Высокий Град — город-крепость. Получивший свое имя из-за неприступных стен, он почти ровня своему главному сопернику, Брену. Он знаменит тем, что производит лучшее на Севере оружие, а искусство его инженеров вошло в легенду. Если грянет война, Высокий Град, несомненно, будет играть в ней одну из первых ролей.
Аннис же слывет городом красоты и учености, искусных ремесленников и художников. У матери Джека был резной браслет из кости, украшенный серебром и кварцем. Когда Джек спросил, откуда он, мать ответила, что он сделан в Аннисе. Быть может, туда и пойти? Не для того, чтобы узнать что-то новое о матери — она сказала, что купила свой браслет у коробейника, зашедшего в замок Харвелл, — а потому, что в этом городе, похоже, ценят честный труд и мастерство. Если он не сумеет устроиться пекарем или писцом, его новое боевое ремесло рано или поздно найдет себе применение. Пусть Аннис не военный город — он тем не менее будет сражаться, если окажется под угрозой.
— Мы, пожалуй, пойдем в Аннис, — сказал Джек.
— Мы?
Джек немного опешил и довольно глупо осклабился.
— Ну да, я надеялся...
— Ах, ты надеялся? — вскричала Тарисса, уперев руки в боки. — Так вот, в другой раз спроси, прежде чем надеяться. — Голос был груб, но глаза выдавали ее.
Джек подхватил ее на руки, хотя она лягалась, царапалась и визжала.

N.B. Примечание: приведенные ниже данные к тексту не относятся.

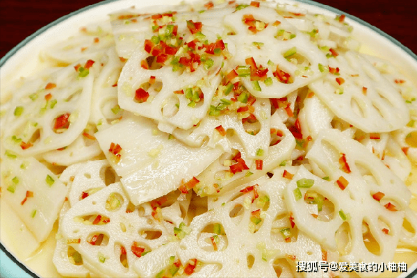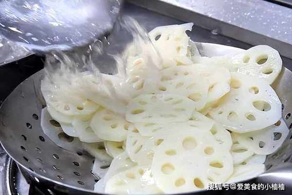 水烧开以后,把莲菜控水,放入锅中,焯水四十秒钟。等到莲菜焯熟,倒出控水,并用凉水快速冲凉,凉水快速冲凉可以使莲菜的口感更脆。

— Пойдешь со мной в Аннис? — спросил он, крепко держа ее. — Или скинуть тебя с горки?
Тарисса, багровая как свекла, била ногами по воздуху.
— Нет тут горки, — крикнула она.
— Ну что ж, тогда я буду нести тебя, пока не найду хорошую горку. — Джек перекинул ее через плечо, как мешок с зерном, и повернул обратно в ту сторону, откуда они шли. Тарисса завизжала с новой силой, упершись коленями ему в грудь и молотя кулаками по спине.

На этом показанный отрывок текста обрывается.